Anyone take Simponi?

I just saw a commercial on tv for Simponi for RA.  It is a once per month drug.  I was wondering if anyone uses it or heard anything about it.  Thanks

Hi, I was part of the clinical trial for what is now called Simponi (golimumab). I have Psoriatic Arthritis. I was recommended to the trial by my rheumatologist before I was approved for medicare because nothing else was working.  Because it was a double blind study we were not told if we actually received the drug, but I could tell the difference right away, however, it only lasted about 2 weeks before the pain came back. Later, after I got on Medicare I was able to get on Humira and they started me off on 1 injection every other week with methotrexate, which made me very nauseated.

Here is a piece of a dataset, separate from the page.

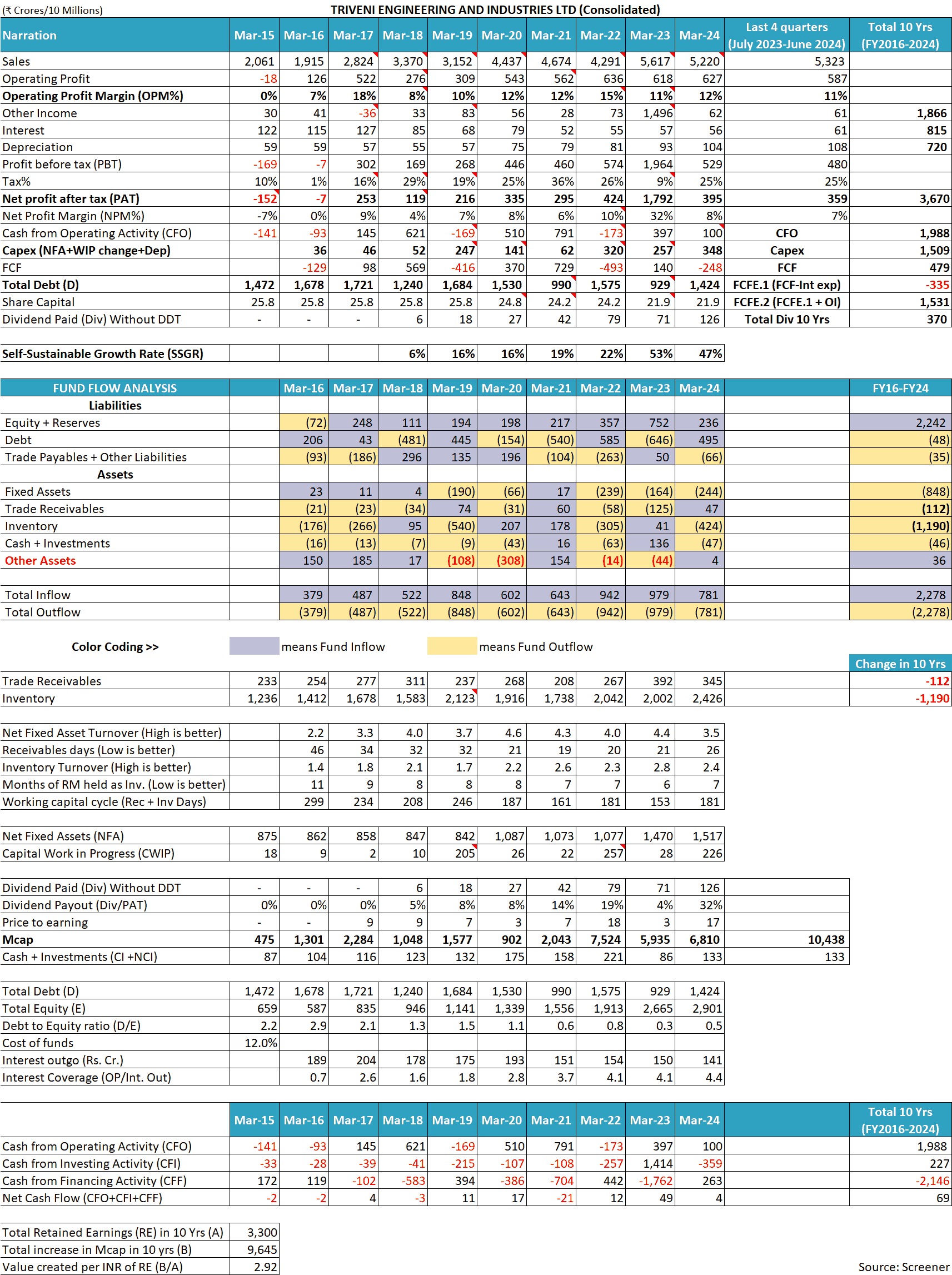 Therefore, in our analysis of Triveni Engineering and Industries Ltd, we have analysed consolidated financials for the last 10 years (FY20115-FY2024).

Finally I was put on Humira, one 40mg injection once per week and that worked very well. This was my experience and of course everyone is different and needs to find what works best for them. Happy to share my own experience though. Good luck.

My New Rheumatologist suggested it when I saw her yesterday.  I have been taking Enbrel and its lost its efficacy.  But I ended up choosing to go on Remicade instead.  I have Psoriatic Arthritis and people with that diagnoses do well with it...Also I thought my insurance company might not pay for Simponi because its new...You never know how thats going to turn out.

I am starting in next week.  I just got the call yesterday that my insurance is willing to pay for it.

I am not switching for the conveince but because nothing is working on my psoriatic arthritis (PA).  I have tried methotrexate, plaquanil, sulfasalazine, gold salts, celebrex, voltaren, lodine, remicade (almost died, turns out i am alergic who knew?), humira, imuran, others i can't remember the names of right now, and most recently Enbrel.  According to mu rheumatologist, I have tired everything on the market for PA

i hope it will work well for me because the next step is a wheel chair, I really don't want to go there at 37.